++++ MATERIAL PROVIDED ++++
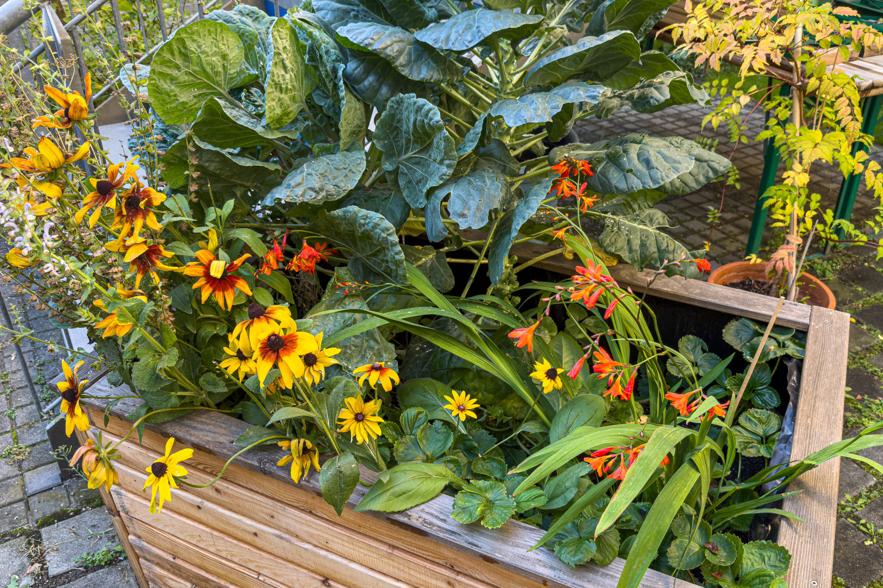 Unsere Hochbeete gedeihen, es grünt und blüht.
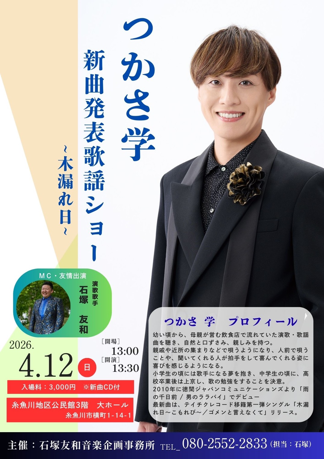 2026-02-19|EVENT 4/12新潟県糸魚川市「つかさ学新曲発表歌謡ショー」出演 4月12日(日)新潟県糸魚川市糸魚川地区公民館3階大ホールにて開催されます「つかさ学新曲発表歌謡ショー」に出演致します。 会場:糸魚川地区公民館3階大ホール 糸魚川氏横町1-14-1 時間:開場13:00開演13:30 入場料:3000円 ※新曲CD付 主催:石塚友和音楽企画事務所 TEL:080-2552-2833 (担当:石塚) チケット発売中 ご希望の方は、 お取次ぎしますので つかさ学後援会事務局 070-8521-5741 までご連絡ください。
++++
++++ MATERIAL PROVIDED ++++
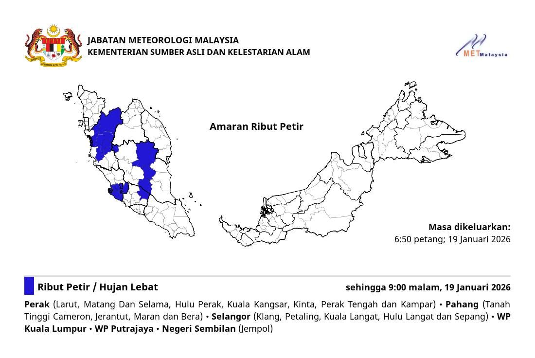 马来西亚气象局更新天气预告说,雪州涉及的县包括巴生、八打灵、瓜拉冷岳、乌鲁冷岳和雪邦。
++++
++++ MATERIAL PROVIDED ++++
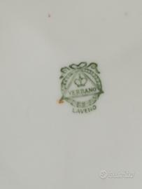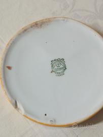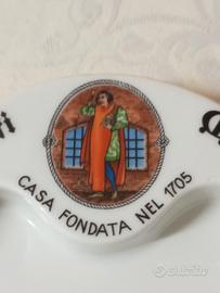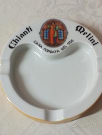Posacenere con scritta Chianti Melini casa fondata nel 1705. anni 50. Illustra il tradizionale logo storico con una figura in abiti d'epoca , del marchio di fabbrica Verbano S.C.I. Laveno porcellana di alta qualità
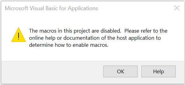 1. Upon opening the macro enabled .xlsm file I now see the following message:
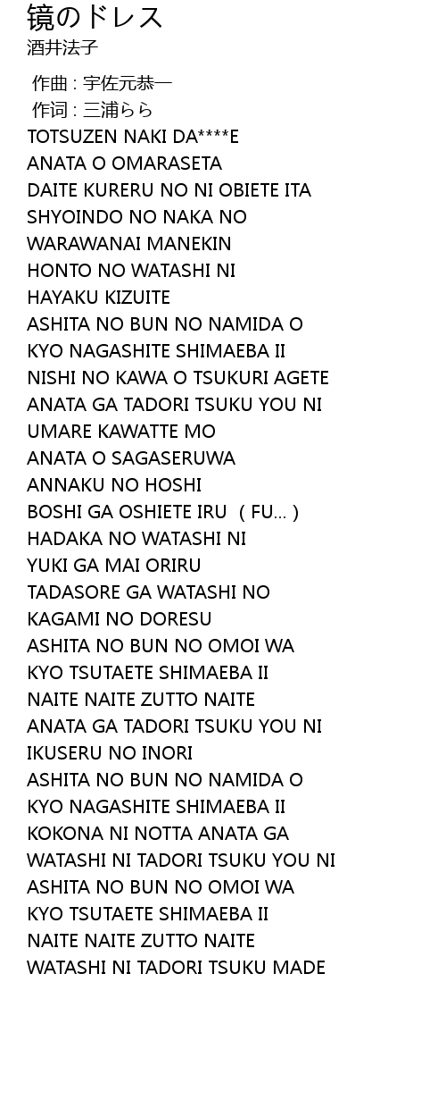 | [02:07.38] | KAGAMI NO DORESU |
++++
DIRECTIONS:
Write back the stretch of lines above that begins with the line holding "1. Upon opening" and ends with the line holding "NO DORESU |", both included, exactly as written. Pictures stay out.

ANSWER TO THIS EXERCISE:
 1. Upon opening the macro enabled .xlsm file I now see the following message:
 | [02:07.38] | KAGAMI NO DORESU |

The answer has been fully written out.